We Freeze extra colostrum milk from our dairy cows and when one of my neighbors beef cows is real nasty and wont let the calf suck he buys some colostrum from me for the calf and gets rid of the cow


----------



## siscofarms (Nov 23, 2010)

Well , had to tie heifer up for a total of 3 days . 1st day I left her for 24 hrs , next to days twice a day for calf , The 4th day I walked out there and for what ever reason , she figured it out . She never rejected the calf , just wouldn't let it nurse . Everything is good now . Old man at the store in town told me about 3 days of tieing her for the fact of getting mothers milk in the calfand her getting the scent of herself . Kinda like smearing her poop on the calf idea mentioned before . But shes perfect now and hopefully next calf will not be a problem .

Thanks


----------



## Tim/South (Dec 12, 2011)

endrow said:


> We Freeze extra colostrum milk from our dairy cows and when one of my neighbors beef cows is real nasty and wont let the calf suck he buys some colostrum from me for the calf and gets rid of the cow


I keep frozen colostrum in the freezer. I normally keep a Jersey nurse cow.
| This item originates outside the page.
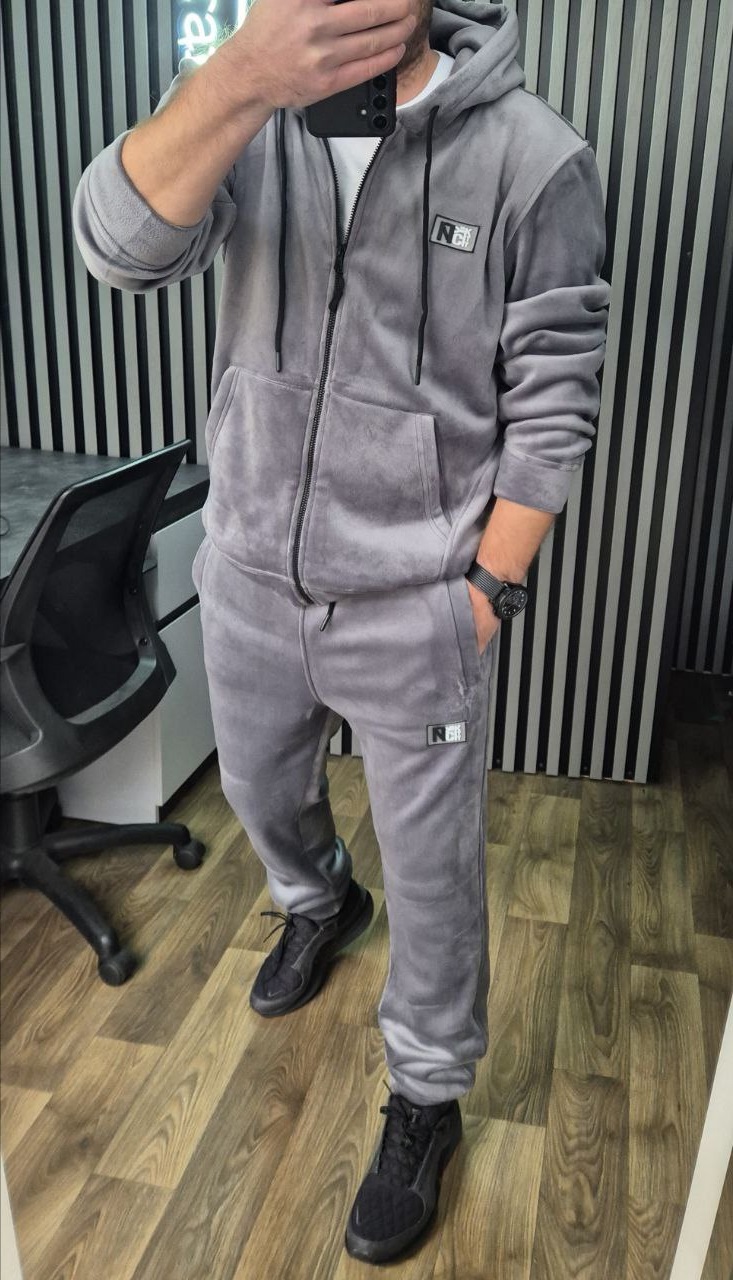 Мужской костюм из велюра (кофта на молнии с капюшоном+брюки с карманами) серый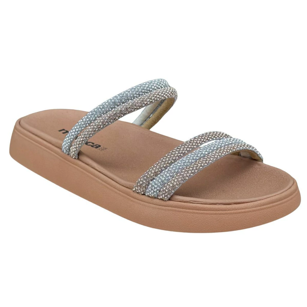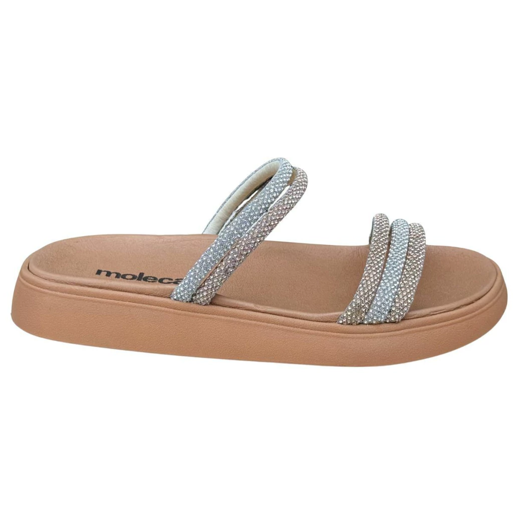 A papete Moleca foi desenvolvida com foco total no bem-estar. O design moderno deste chinelo com Strass, deixa seu look ainda mais despojado e estiloso. Desenvolvido em material resistente, possui design moderno e palmilha macia.. Ideal para quem precisa de leveza sem abrir mão de sustentação. Combina com looks comfy como vestido soltinho, shorts e macaquinho.

When she calves I begin filling the freezer with milk.



siscofarms said:


> Well , had to tie heifer up for a total of 3 days . 1st day I left her for 24 hrs , next to days twice a day for calf , The 4th day I walked out there and for what ever reason , she figured it out . She never rejected the calf , just wouldn't let it nurse . Everything is good now . Old man at the store in town told me about 3 days of tieing her for the fact of getting mothers milk in the calfand her getting the scent of herself . Kinda like smearing her poop on the calf idea mentioned before . But shes perfect now and hopefully next calf will not be a problem .
> 
> Thanks


Glad she finally figured out the routine. Heifers have to make the mental transition from being a calf to being a mother. They also have to get kind of tough in the udder because a butting calf has to be a shock at first.


----------